■ To do
The reply should reproduce every line of the data below word for word, minus any images.

■ Source data
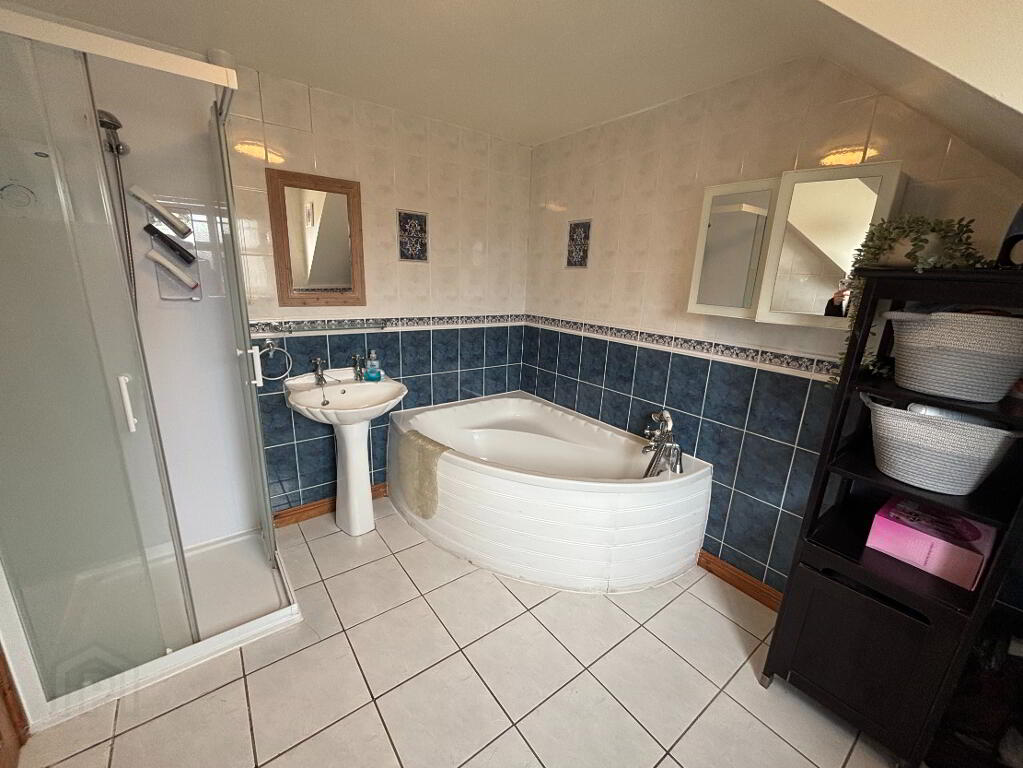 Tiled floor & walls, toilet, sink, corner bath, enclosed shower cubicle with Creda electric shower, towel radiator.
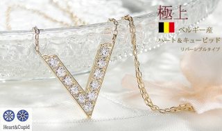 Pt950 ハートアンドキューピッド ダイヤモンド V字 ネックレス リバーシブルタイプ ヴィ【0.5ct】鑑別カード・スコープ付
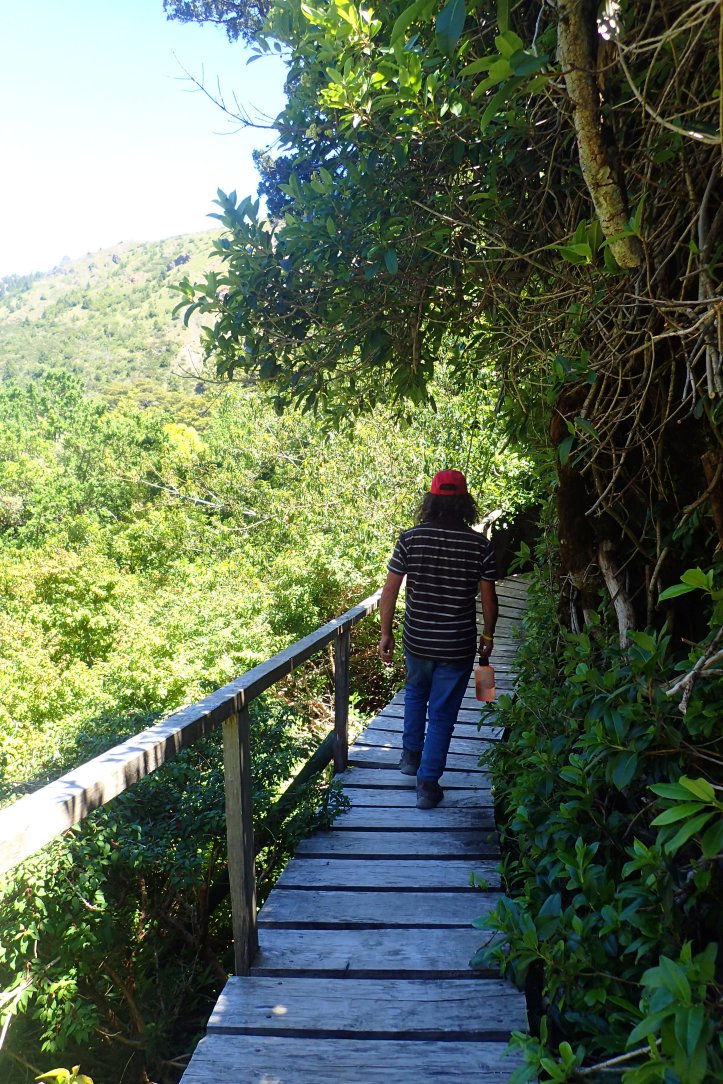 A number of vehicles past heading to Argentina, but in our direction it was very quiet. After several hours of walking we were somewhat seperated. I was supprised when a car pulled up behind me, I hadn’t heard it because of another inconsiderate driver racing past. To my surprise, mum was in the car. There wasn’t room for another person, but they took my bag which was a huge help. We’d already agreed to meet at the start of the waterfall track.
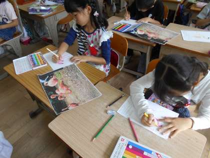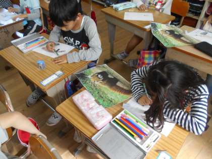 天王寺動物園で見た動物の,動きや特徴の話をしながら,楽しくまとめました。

■ Exercise response
 Tiled floor & walls, toilet, sink, corner bath, enclosed shower cubicle with Creda electric shower, towel radiator.
 Pt950 ハートアンドキューピッド ダイヤモンド V字 ネックレス リバーシブルタイプ ヴィ【0.5ct】鑑別カード・スコープ付
 A number of vehicles past heading to Argentina, but in our direction it was very quiet. After several hours of walking we were somewhat seperated. I was supprised when a car pulled up behind me, I hadn’t heard it because of another inconsiderate driver racing past. To my surprise, mum was in the car. There wasn’t room for another person, but they took my bag which was a huge help. We’d already agreed to meet at the start of the waterfall track.
 天王寺動物園で見た動物の,動きや特徴の話をしながら,楽しくまとめました。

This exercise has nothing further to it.